Jesus hung out with all sorts of strange folk, but it was the “good,” successful, and proper people he confronted the most.
Consider the people Jesus describes in the Beatitudes. What do those people look like today?
Jesus promises blessing to those who are poor, who are hungry, who are weeping, who are hated, excluded and insulted.
We’re so convinced Jesus is describing us that we don’t look to see if the shoe fits. We reinterpret what Jesus said to cast ourselves as the good guys. It can’t be the financially or materially poor who receive the Kingdom of God (even though Jesus said so) because that would exclude many of us. He must mean those who feel poor in certain ways. He couldn’t have meant those who can’t afford enough food, as Jesus said, but those who experience a longing for him in their hearts. When in the next breath Jesus pronounces the Woes upon those who are rich and well fed, who manage just fine in society— well, he certainly didn’t mean us—even if I am more likely to throw out food gone bad than worry my children are hungry.
Because, honestly, this is the truth: If Jesus were speaking today and declaring someone blessed in that Kingdom, it would be the woman and children who broke into my condo. No discipleship voices anywhere in my life — no mentors, pastors, or trusted Christian friends — asked me to consider things from that angle. She broke the law. Case closed. I’m the good guy, she’s the bad guy. Period. My responsibility to her ends when justice under the law is restored — or so I’m told.

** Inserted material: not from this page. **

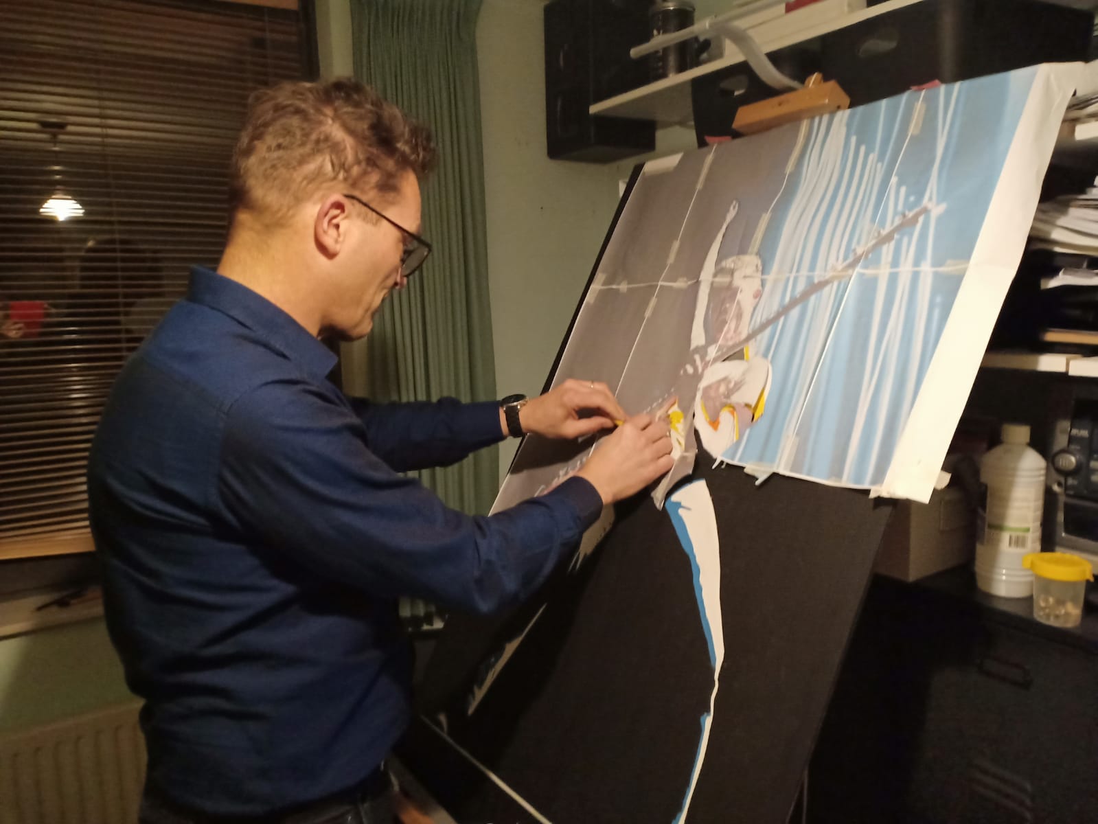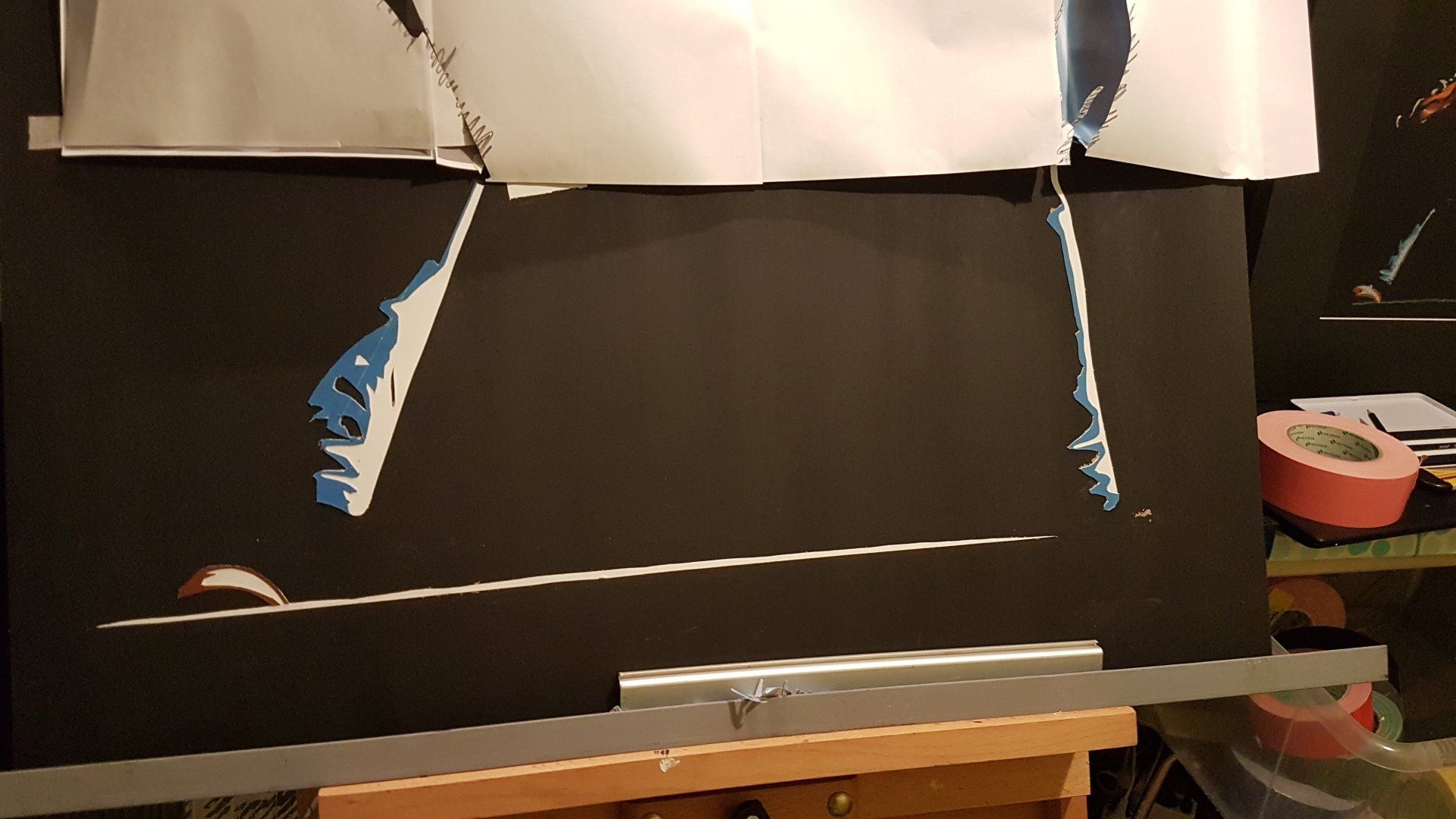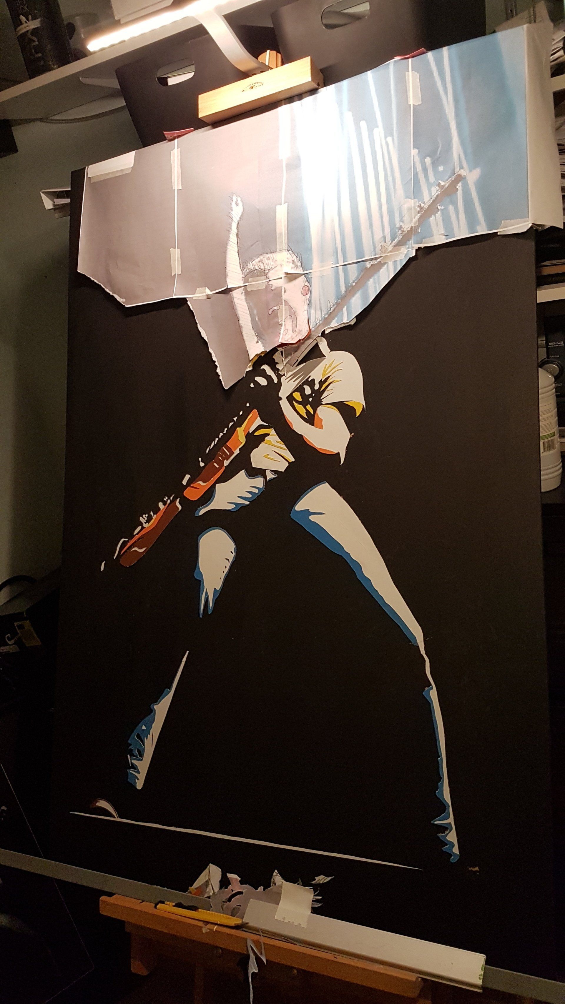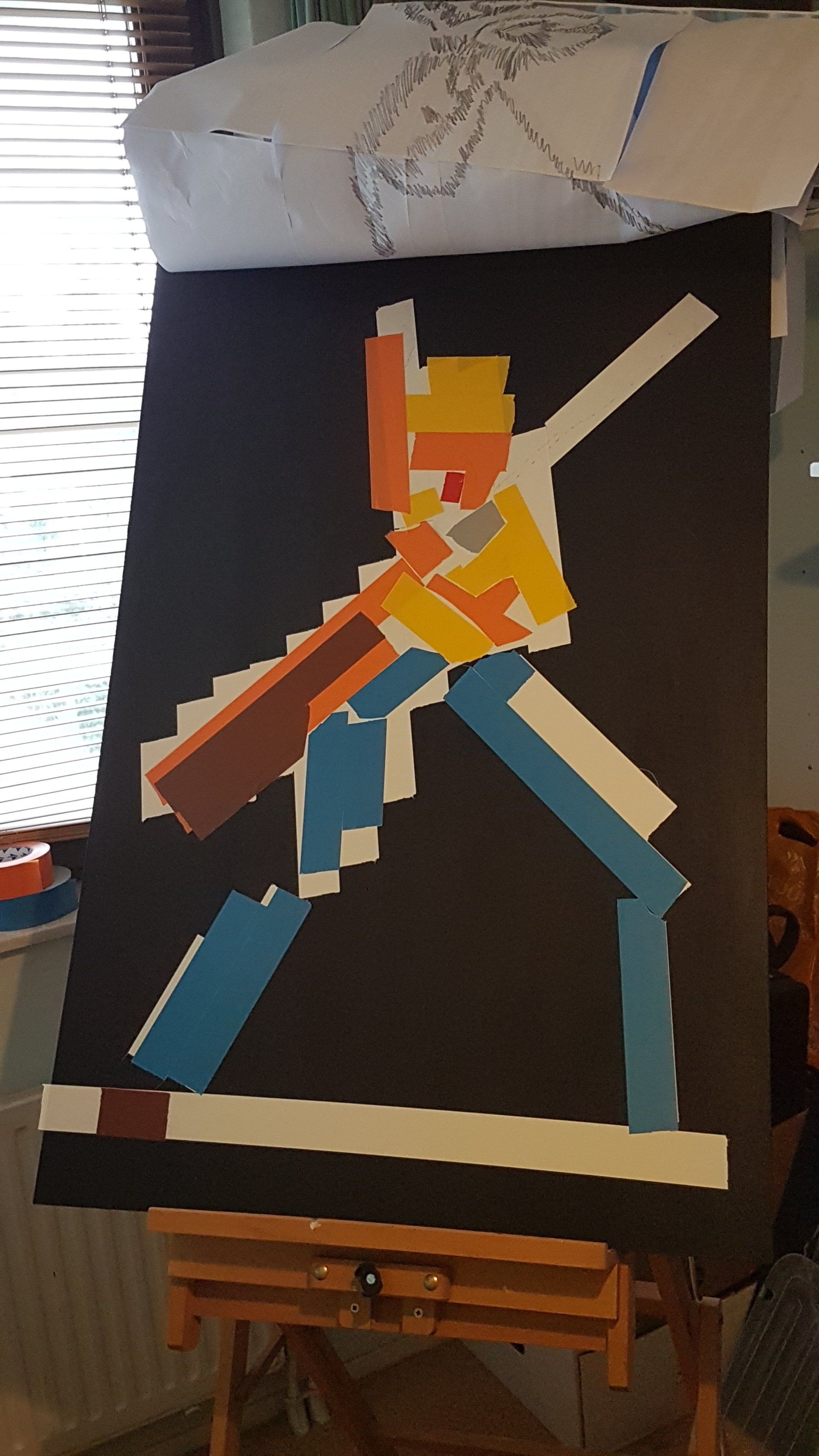 What a powerful pose. You almost hear the noise of the guitar by just looking at this! I first did this image on in smaller format with oil pastels. I still wanted to make it bigger and more impactful with the white more contrasting: really 100% white. No better way than to do this with tape!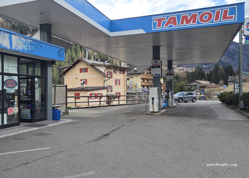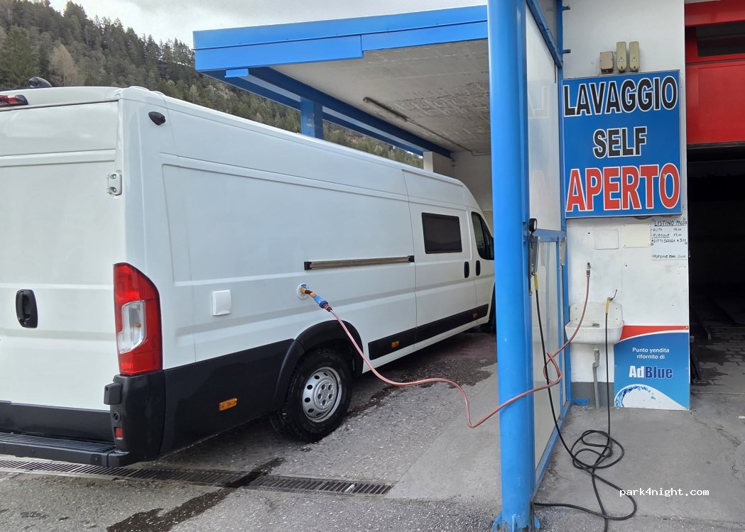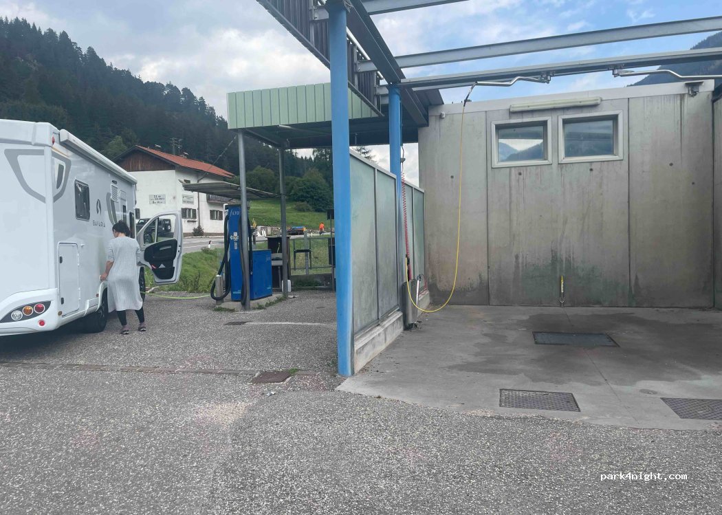 Great for water refill. The gas station was closed, but no problem, the water was open. You need a hose or watering can. Left the owner 2€, under the door.

But based on Jesus’ track record — not to mention the entire Law and Prophets — he would confront me and the other Christians in my neighborhood who are well-fed now, who have a place to live, who are comfortable with a society where there is plenty to go around and yet many go without. In the Prophets, God expressed strong feelings about praise and worship offered to him by people who had not first ensured that everyone in the community had access to basic survival and equitable thriving. Yet do we who are comfortable and well-fed and warm do everything we can to care for our community before lifting our voices and hands in worship? No. Not at all. No church usher has ever asked me this question at the door. We don’t see this as a necessary part of American life or Christian life — even though God commands it again and again and again.
Our insistence on seeing ourselves as the ones Jesus defends — not even considering if we are the ones he challenges — raises questions for me.
Are we so afraid of failure that we are unwilling to be confronted by our trustworthy Savior, the Son of God who loves and dies for his enemies, who uses kindness to bring us to repentance, who made himself nothing to be our servant and point us to God? Worse still,
Is it possible we consider enemies the people Jesus says he will defend?
I’m concerned our insecurities, our fear of displeasing God, of failing, of being asked to walk a hard, hard road not only stop us from hearing the loving, challenging voice of God but block us from even seeing the people Jesus wants to bless.
Earlier I pointed out how much we struggle to imagine God’s all-encompassing love for his enemies (who, conveniently, look so much like our own enemies). Like Jonah, we struggle to accept the gift of God’s mercy and goodness if it means we don’t get to win.
But here is the kicker: God redeeming his enemies is not an affront to us— it is a gift to us.
Because we are the enemies.
We all are. “While we were God’s enemies, we were reconciled to him through the death of his son.” There is no difference, no us and them. We all are the ones to whom God offers food, water, and hospitality; we are the ones God has promised always to care for and never destroy. God loving his enemies is good news . . . for me. For you. For all of us.
When God does draw boundary lines, he does so for different reasons than we do. When God chooses one person, family, or nation, God does so in order to bless those he did not choose. When God chose Abram and Sarai, it was so that all peoples on earth would be blessed through them. When God set apart the nation of Israel to be his people, it was God’s plan to “make you a light for the Gentiles, that my salvation may reach to the ends of the earth.” God’s end game is this: “In the last days the mountain of the Lord’s temple will be established as the highest of the mountains; it will be exalted above the hills, and all nations will stream to it.” Jesus chose disciples not to be the few who would be saved but the ones sent out to serve, to fish for people. The Holy Spirit ignited the church to be a light to the whole world.
When we use our faith to draw enemy lines rather than bless others, we not only miss the point of our mission from God but we invest in the cycles of violence, vengeance and marginalization we are sent to subvert.
Christians cannot be at war with Muslims, even if our government is waging war against Islamic nations; we Christians must serve, welcome, feed, and befriend our Muslim neighbors, strangers, and (if it comes to it) enemies. Christians cannot be at war with folks who prefer to say Happy Holidays and don’t celebrate Christmas; we Christians must put their rights before our own, prayerfully using whatever social influence we have to seek their good. Christians cannot be at war with “liberals” on one side or “fundamentalists” on the other. Our warlike tactics of slander, fearmongering, and “unwholesome talk” are antithetical to the Spirit of Christ. We are empowered to speak our minds in a way that honors others, putting them before ourselves — and, of course, providing hospitality, provision, and care.